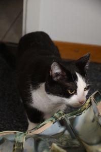 Schon beim Eintreten war die liebenswerte Katzendame anwesend und beglückte mich auf dem Hochbett des Kindes. Als erstes stand das abschnuppern auf dem Programm, kurz vor dem ablecken, denn sie fand meine Düfte unwiderstehlich
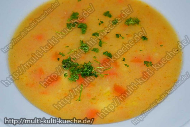 Zutaten für Kartoffelsuppe 800g Kartoffeln350g Karotten1/2 Stange Porree2 EL. Gemüsebrühe1,5 Liter Wasseretwas PetersilieSalz und Pfeffer Zubereitung Das Gemüse schälen und klein schneiden. Das Wasser in einen Topf geben und alle Zutaten außer der Petersilie hineingeben. Umrühren und zum kochen bringen. Wenn alles gar ist etwas abkühlen lassen und dann pürieren. […]
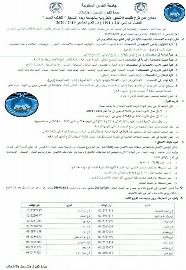 جامعة القدس المفتوحة تعلن عن البدء باستقبال الطلبات الإلكترونية للطلبة الجدد.
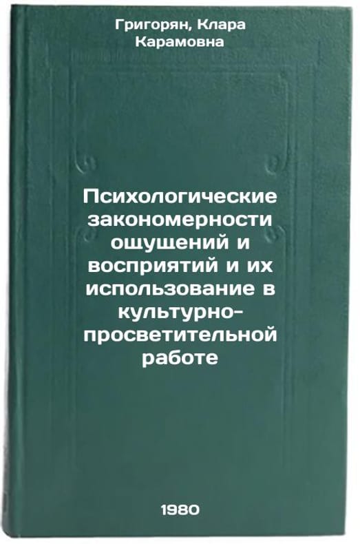 In Russian. Grigoryan, Klara Karamovna. Psychological regularities of sensations and perceptions and their use in cultural and educational work. Moscow: IPCC,. Psikhologicheskie zakonomernosti oshchushcheniy i vospriyatiy i ikh ispol'zovanie v kul'turno- prosvetitel'noy rabote. In Russian /Psychological regularities of sensations and perceptions and their use in cultural and educational work . All images are for identification of editions only. Several books of the same edition may be available. Please feel free to request photos of available books. SKU1013758
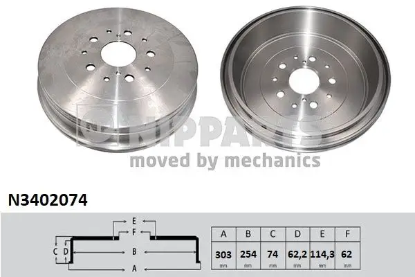 Jeu de 2 Tambour de frein NIPPARTS N3402074 Pour véhicule avec Côté d'assemblage Essieu arrière Critères Cercle de percage -Ø [mm] : 114,3 mm Diamètre de tambour : 254 mm Diamètre du centrage [mm] : 62 mm Diamètre extérieur du tambour de frein : 303 mm dimension max. d'extraction du tambour de frein : 256 mm
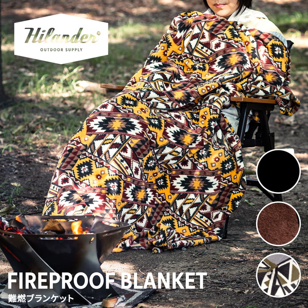 • Hilander(ハイランダー) 12月中旬発送難燃ブランケット ひざ掛け 暖かい 毛布 寒さ対策 秋冬 車中泊【1年保証】 N-012 ブランケット トライバル
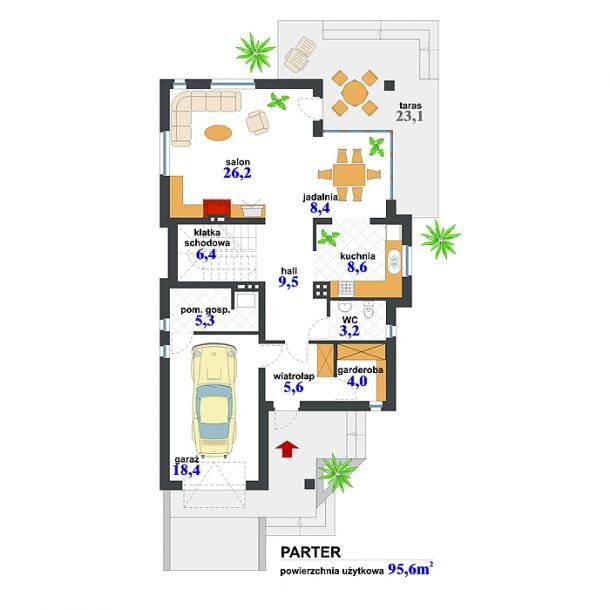 - parteru 95,60 m²

PROBLEM | The reply should repeat the data in full, exactly as given, and contain no pictures.

EXERCISE OUTPUT |
 Schon beim Eintreten war die liebenswerte Katzendame anwesend und beglückte mich auf dem Hochbett des Kindes. Als erstes stand das abschnuppern auf dem Programm, kurz vor dem ablecken, denn sie fand meine Düfte unwiderstehlich
 Zutaten für Kartoffelsuppe 800g Kartoffeln350g Karotten1/2 Stange Porree2 EL. Gemüsebrühe1,5 Liter Wasseretwas PetersilieSalz und Pfeffer Zubereitung Das Gemüse schälen und klein schneiden. Das Wasser in einen Topf geben und alle Zutaten außer der Petersilie hineingeben. Umrühren und zum kochen bringen. Wenn alles gar ist etwas abkühlen lassen und dann pürieren. […]
 جامعة القدس المفتوحة تعلن عن البدء باستقبال الطلبات الإلكترونية للطلبة الجدد.
 In Russian. Grigoryan, Klara Karamovna. Psychological regularities of sensations and perceptions and their use in cultural and educational work. Moscow: IPCC,. Psikhologicheskie zakonomernosti oshchushcheniy i vospriyatiy i ikh ispol'zovanie v kul'turno- prosvetitel'noy rabote. In Russian /Psychological regularities of sensations and perceptions and their use in cultural and educational work . All images are for identification of editions only. Several books of the same edition may be available. Please feel free to request photos of available books. SKU1013758
 Jeu de 2 Tambour de frein NIPPARTS N3402074 Pour véhicule avec Côté d'assemblage Essieu arrière Critères Cercle de percage -Ø [mm] : 114,3 mm Diamètre de tambour : 254 mm Diamètre du centrage [mm] : 62 mm Diamètre extérieur du tambour de frein : 303 mm dimension max. d'extraction du tambour de frein : 256 mm
 • Hilander(ハイランダー) 12月中旬発送難燃ブランケット ひざ掛け 暖かい 毛布 寒さ対策 秋冬 車中泊【1年保証】 N-012 ブランケット トライバル
 - parteru 95,60 m²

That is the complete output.